Typhoon Hagupit made landfall over the weekend, battering the Philippines with powerful winds and rain, bringing back fears of a repeat of the devastation caused by Typhoon Haiyan last year.
The Philippine Red Cross (PRC) had revealed that Typhoon Hagupit's fury had killed at least 21 people in central Philippines.
The country's agriculture sector has reportedly suffered an estimated loss of 1.02 billion pesos ($22.8 million) as a result of the typhoon.
Latest government estimates indicate that more than a million people have been affected, including over 400,000 children.

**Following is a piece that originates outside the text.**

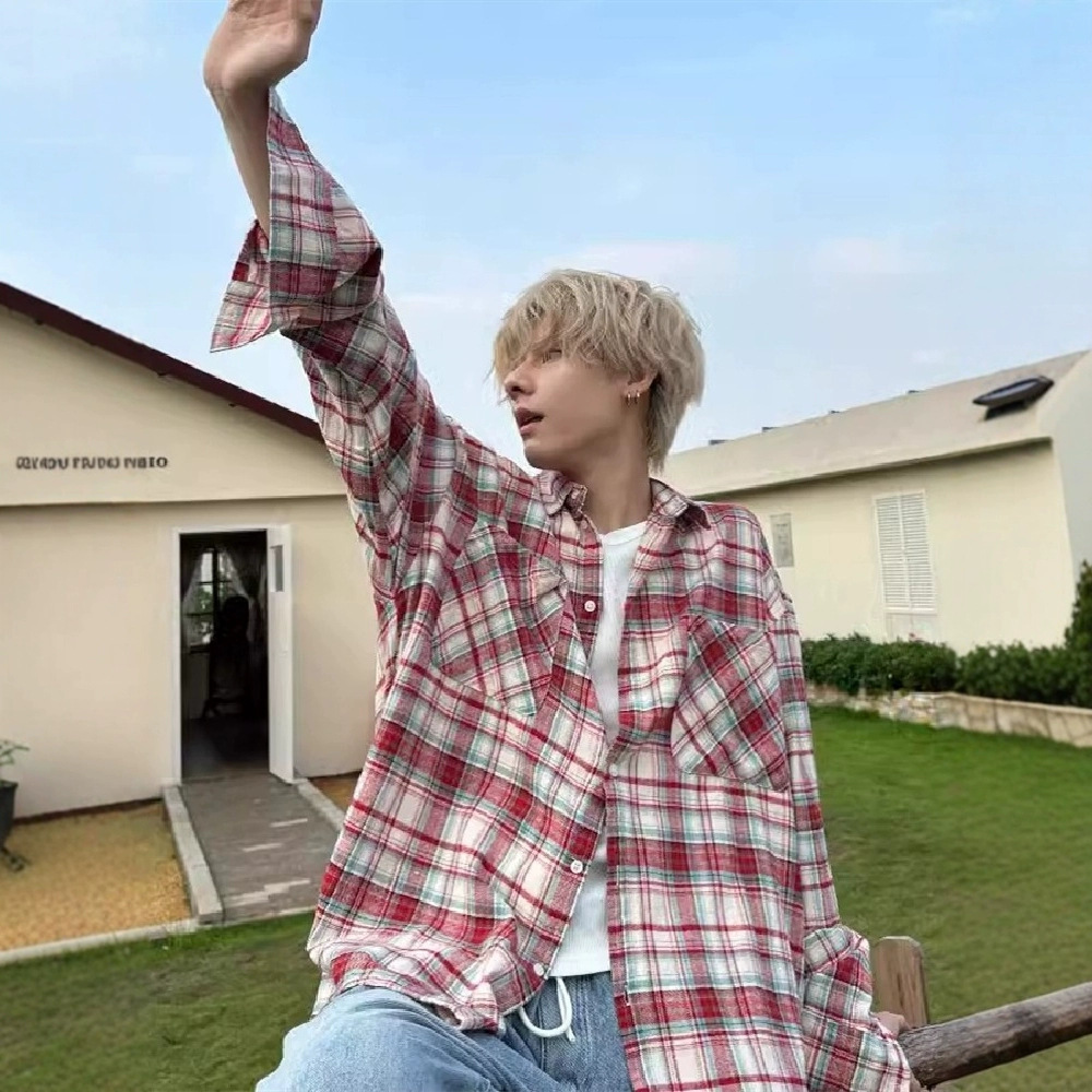 Vintage Grinding Plaid Long-Sleeved Shirt Men And Women Cleanfit Handsome Couple The Same Fried Street Coat

Many of them are in evacuation sites.
Sylwander said: " ...there are still almost a million people -- many still recovering from Haiyan -- who have been driven from their homes,"
"These people have made enormous progress in rebuilding their lives over the last 12 months, and they need our help to make sure that these hard-won gains are not washed away by this new disaster," Sylwander said.
UNICEF's efforts also focus on helping children overcome the effects of anxiety and extreme fear, including through psychosocial assistance.
School tents and education materials will also be provided so that children who have been forced to evacuate, or whose schools have been closed or damaged by the storm, can continue learning.
The state weather forecasting agency said Hagupit had weakened and had been downgraded to a tropical storm. However, it is still on the move, bringing with it destructive winds, heavy rain, water surges and landslides.